**Your goal**
Every entry below should appear in the answer exactly as written, apart from the pictures.

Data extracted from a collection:
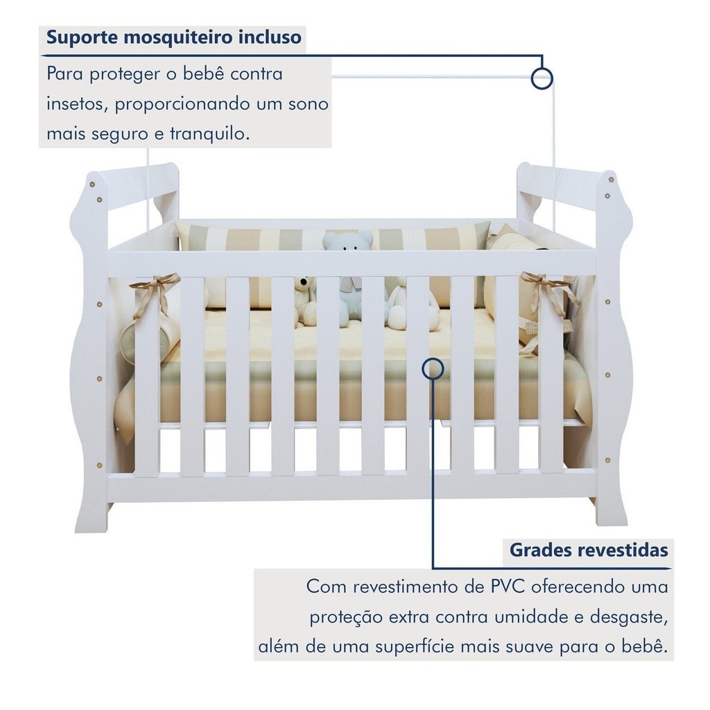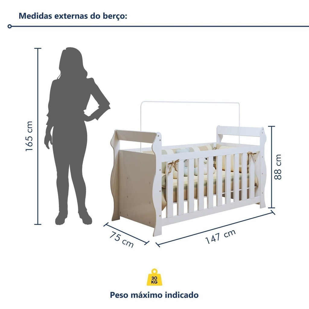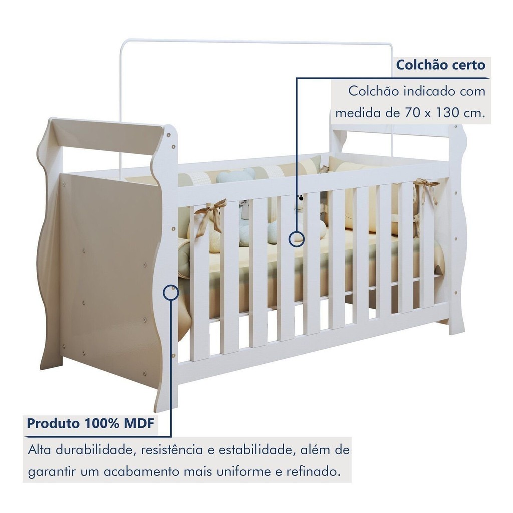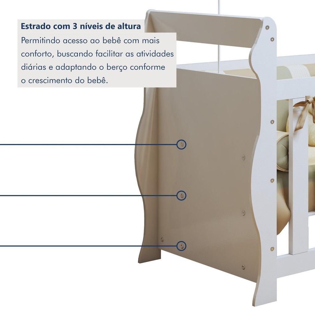Berço 3 em 1 com Regulagem de Altura 100% Mdf Star Branco
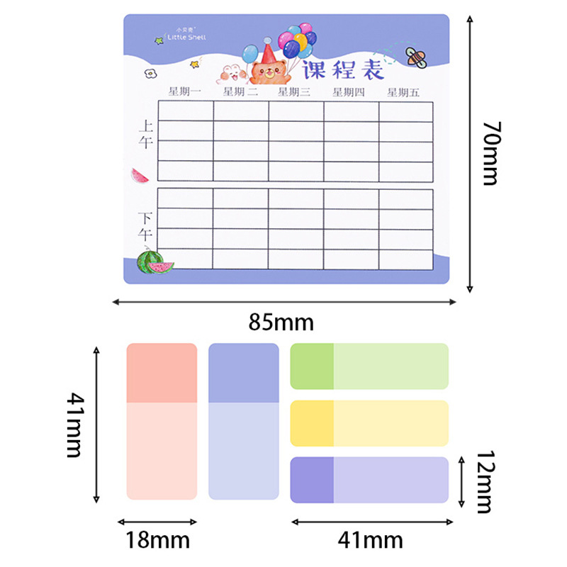 小贝壳课程表贴纸学生用带粘性可粘贴自粘易书写学习好帮手
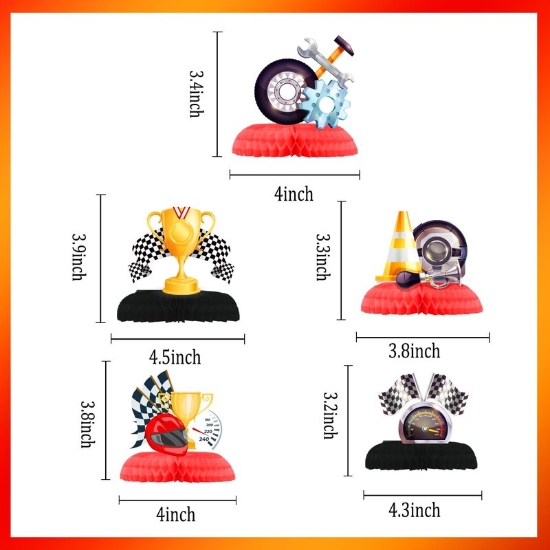 - 【EASY TO ASSEMBLE】The race car banners are pre-assembled. You can hang banners and foil swirls anywhere you like, such as on ceilings, windows, mantelpieces, doorways, arches, etc. And these race car honeycomb centerpieces are pre-cut, easy to assemble, and can be used as photo booth props, table decoration.
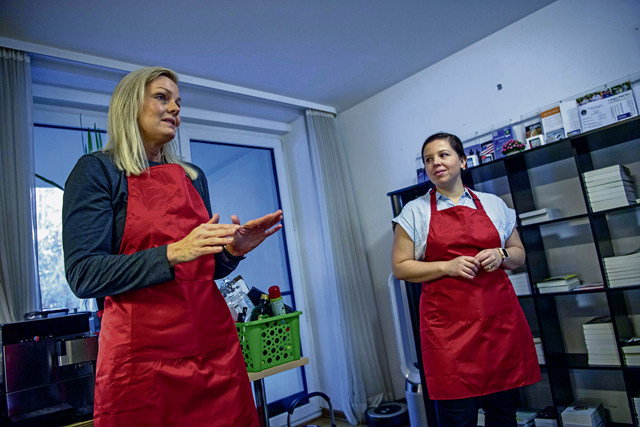 Melissa Davis, a registered dietitian, left, and Katharine Cutler, 86th Operational Medical Readiness Squadron health promotions coordinator, right, prepare a cooking demonstration at Ramstein Air Base, Germany, Dec. 12, 2022. Davis and Cutler team up to provide health services to team Ramstein through cooking and nutrition demonstrations focusing on healthy recipes to ensure mission readiness and enhancing quality of life. (U.S. Air Force photo by Airman 1st Class Jordan Lazaro)
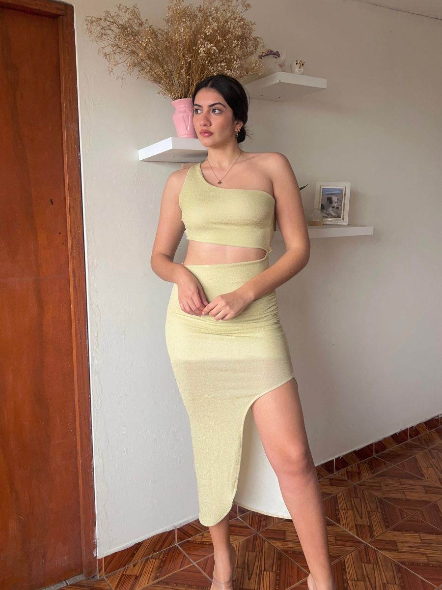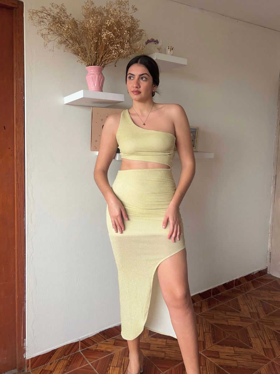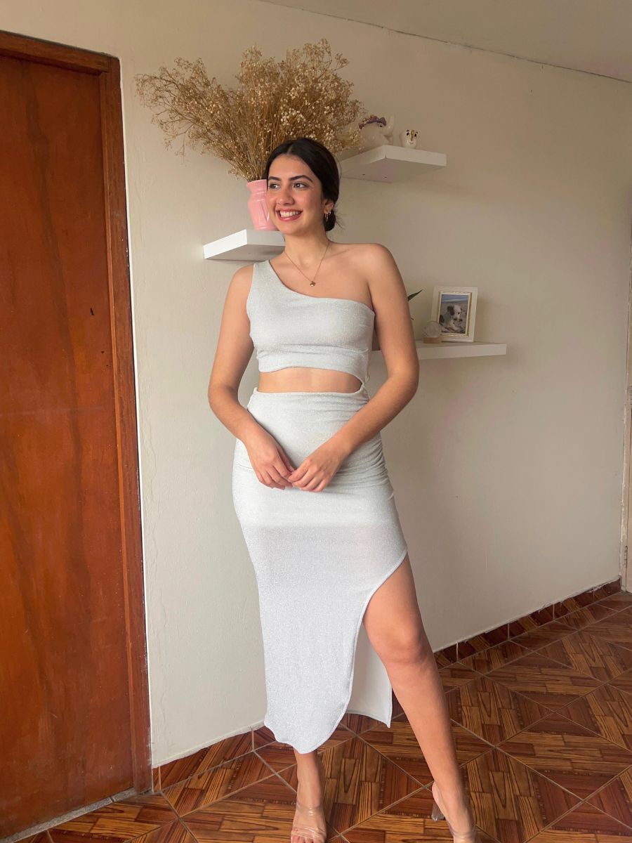 Vestido largo para mujer, top asimétrico, falda con abertura en pierna. Ceñido al cuerpo para resaltar la figura. Compleméntalo con accesorios y luce moderna y elegante. Pídelo también en color plata y color dorado.
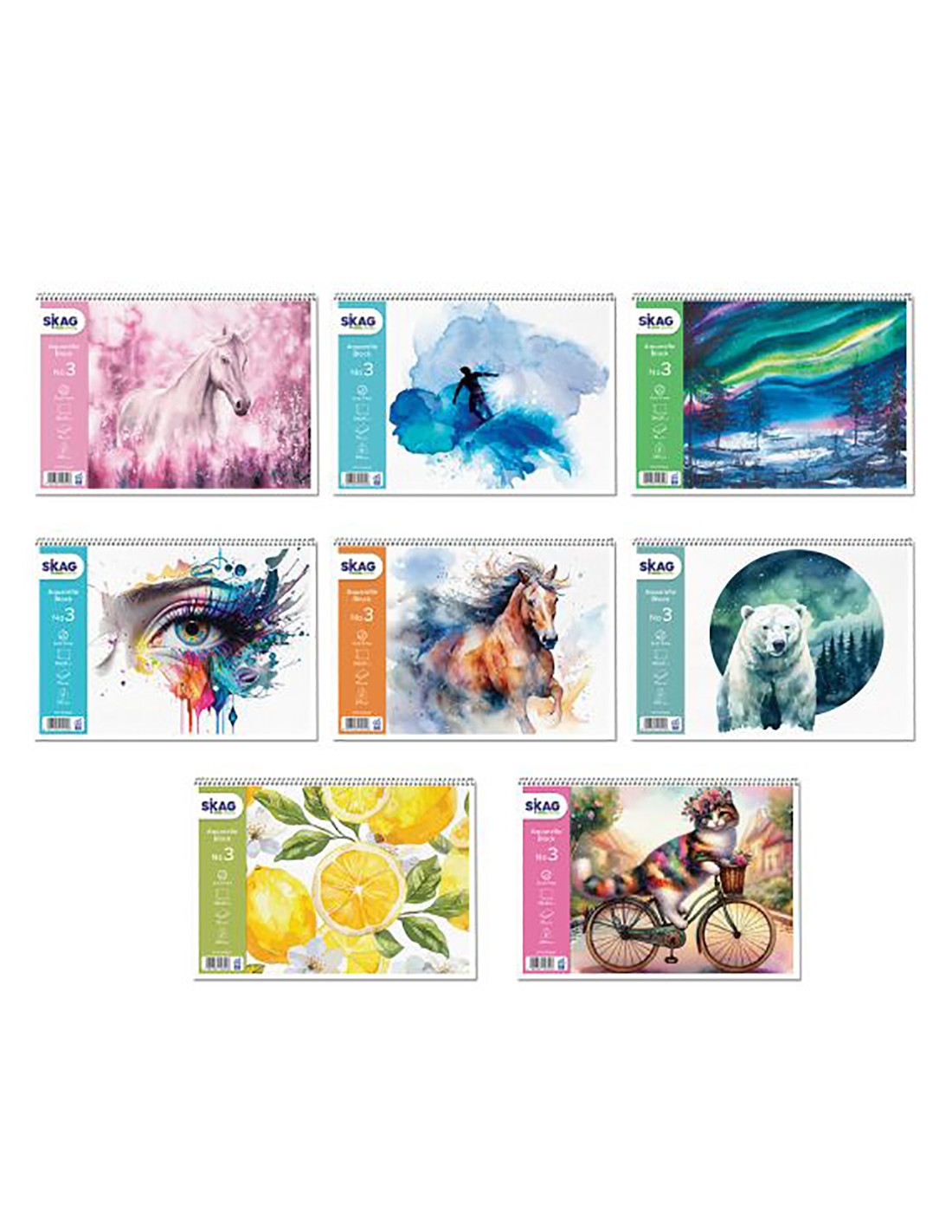 Μπλοκ Ακουαρέλας SKAG. Καλοσχεδιασμένα εξώφυλλα με απίθανα σχέδια και μαγευτικά χρώματα, που ζωντανεύουν την φαντασία κάθε επίδοξου καλλιτέχνη! Είναι κατασκευασμένα από χαρτί υψηλής ποιότητας, ιδανικό για ζωγραφική με χρώματα νερού.
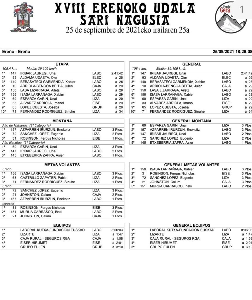 Unai Iribar (Laboral Kutxa) se ha impuesto hoy en la XVIII Ereño Udala Sari Nagusia que ha puesto el punto y final al Torneo Helduz que aquí ya llegaba sentenciado en favor de su compañero Xabier Isasa.
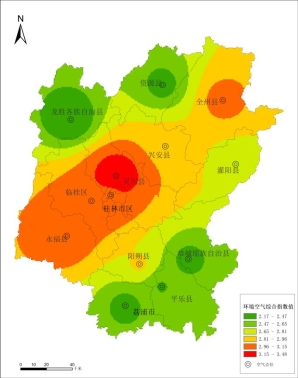20251—7月桂林市环境空气质量综合指数分布见图4。桂林市城区站点综合指数最高的是环湖路276号和秀峰区政府,最低的是林科所;PM2.5浓度最高的是环湖路276号,最低的是林科所。桂林市各县级站点综合指数最高的是灵川县下窑,最低的是龙胜县环保局;PM2.5浓度最高的是灵川县下窑和全州县城区站,最低的是恭城县环保局。
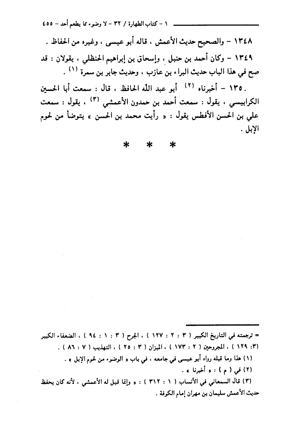 1350 - أَخْبَرَنَاهُ أَبُو عَبْدِ اللَّهِ الْحَافِظُ قَالَ: سَمِعْتُ أَبَا الْحُسَيْنِ الْكَرَابِيسِيَّ، يَقُولُ: سَمِعْتُ أَحْمَدَ بْنَ حَمْدُونَ الْأَعْمَشِيَّ، يَقُولُ: سَمِعْتُ عَلِيَّ بْنَ الْحَسَنِ الْأَفْطَسَ، يَقُولُ: «رَأَيْتُ مُحَمَّدَ بْنَ الْحَسَنِ §يَتَوَضَّأُ مِنْ لُحُومِ الْإِبِلِ»
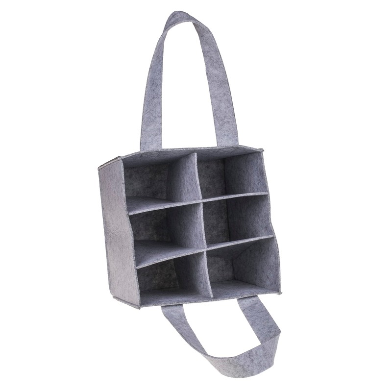 - Our felt bottle bag is a practical and robust tote bag for bottles. It has a water-repellent polyester fabric on the outside and dividers inside to keep your bottles safe and tidy.
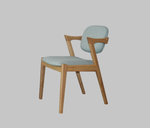 Cadeira estofada com opção de acabamento em verniz ou lacado branco mate. Outros acabamentos ou cores por orçamento.
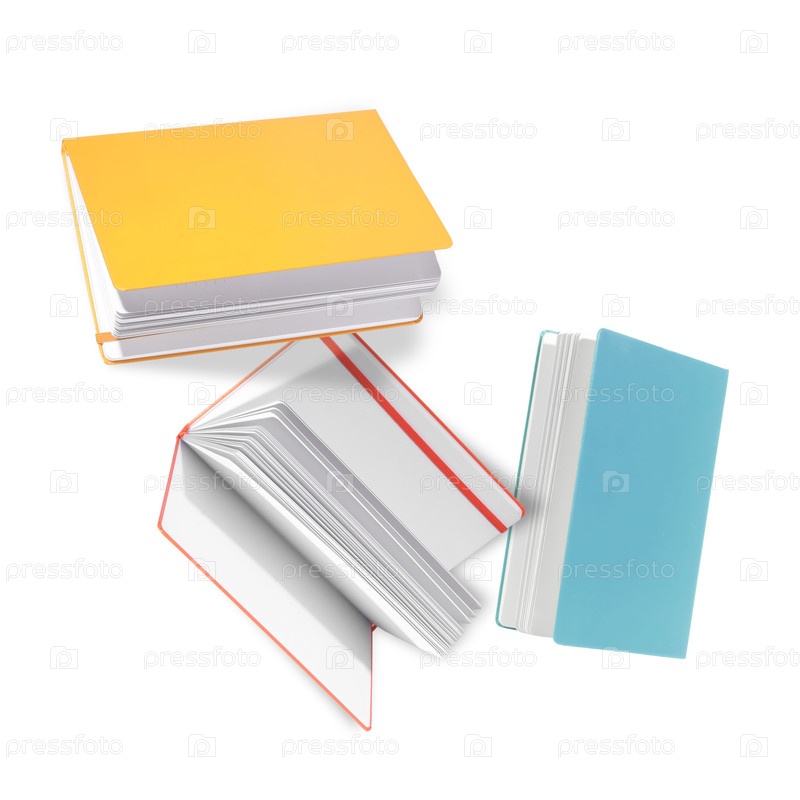Летающие книги в цветных обложках с белыми листами, изолированными на белом фоне

**Exercise solution**
Berço 3 em 1 com Regulagem de Altura 100% Mdf Star Branco
 小贝壳课程表贴纸学生用带粘性可粘贴自粘易书写学习好帮手
 - 【EASY TO ASSEMBLE】The race car banners are pre-assembled. You can hang banners and foil swirls anywhere you like, such as on ceilings, windows, mantelpieces, doorways, arches, etc. And these race car honeycomb centerpieces are pre-cut, easy to assemble, and can be used as photo booth props, table decoration.
 Melissa Davis, a registered dietitian, left, and Katharine Cutler, 86th Operational Medical Readiness Squadron health promotions coordinator, right, prepare a cooking demonstration at Ramstein Air Base, Germany, Dec. 12, 2022. Davis and Cutler team up to provide health services to team Ramstein through cooking and nutrition demonstrations focusing on healthy recipes to ensure mission readiness and enhancing quality of life. (U.S. Air Force photo by Airman 1st Class Jordan Lazaro)
 Vestido largo para mujer, top asimétrico, falda con abertura en pierna. Ceñido al cuerpo para resaltar la figura. Compleméntalo con accesorios y luce moderna y elegante. Pídelo también en color plata y color dorado.
 Μπλοκ Ακουαρέλας SKAG. Καλοσχεδιασμένα εξώφυλλα με απίθανα σχέδια και μαγευτικά χρώματα, που ζωντανεύουν την φαντασία κάθε επίδοξου καλλιτέχνη! Είναι κατασκευασμένα από χαρτί υψηλής ποιότητας, ιδανικό για ζωγραφική με χρώματα νερού.
 Unai Iribar (Laboral Kutxa) se ha impuesto hoy en la XVIII Ereño Udala Sari Nagusia que ha puesto el punto y final al Torneo Helduz que aquí ya llegaba sentenciado en favor de su compañero Xabier Isasa.
20251—7月桂林市环境空气质量综合指数分布见图4。桂林市城区站点综合指数最高的是环湖路276号和秀峰区政府,最低的是林科所;PM2.5浓度最高的是环湖路276号,最低的是林科所。桂林市各县级站点综合指数最高的是灵川县下窑,最低的是龙胜县环保局;PM2.5浓度最高的是灵川县下窑和全州县城区站,最低的是恭城县环保局。
 1350 - أَخْبَرَنَاهُ أَبُو عَبْدِ اللَّهِ الْحَافِظُ قَالَ: سَمِعْتُ أَبَا الْحُسَيْنِ الْكَرَابِيسِيَّ، يَقُولُ: سَمِعْتُ أَحْمَدَ بْنَ حَمْدُونَ الْأَعْمَشِيَّ، يَقُولُ: سَمِعْتُ عَلِيَّ بْنَ الْحَسَنِ الْأَفْطَسَ، يَقُولُ: «رَأَيْتُ مُحَمَّدَ بْنَ الْحَسَنِ §يَتَوَضَّأُ مِنْ لُحُومِ الْإِبِلِ»
 - Our felt bottle bag is a practical and robust tote bag for bottles. It has a water-repellent polyester fabric on the outside and dividers inside to keep your bottles safe and tidy.
 Cadeira estofada com opção de acabamento em verniz ou lacado branco mate. Outros acabamentos ou cores por orçamento.
Летающие книги в цветных обложках с белыми листами, изолированными на белом фоне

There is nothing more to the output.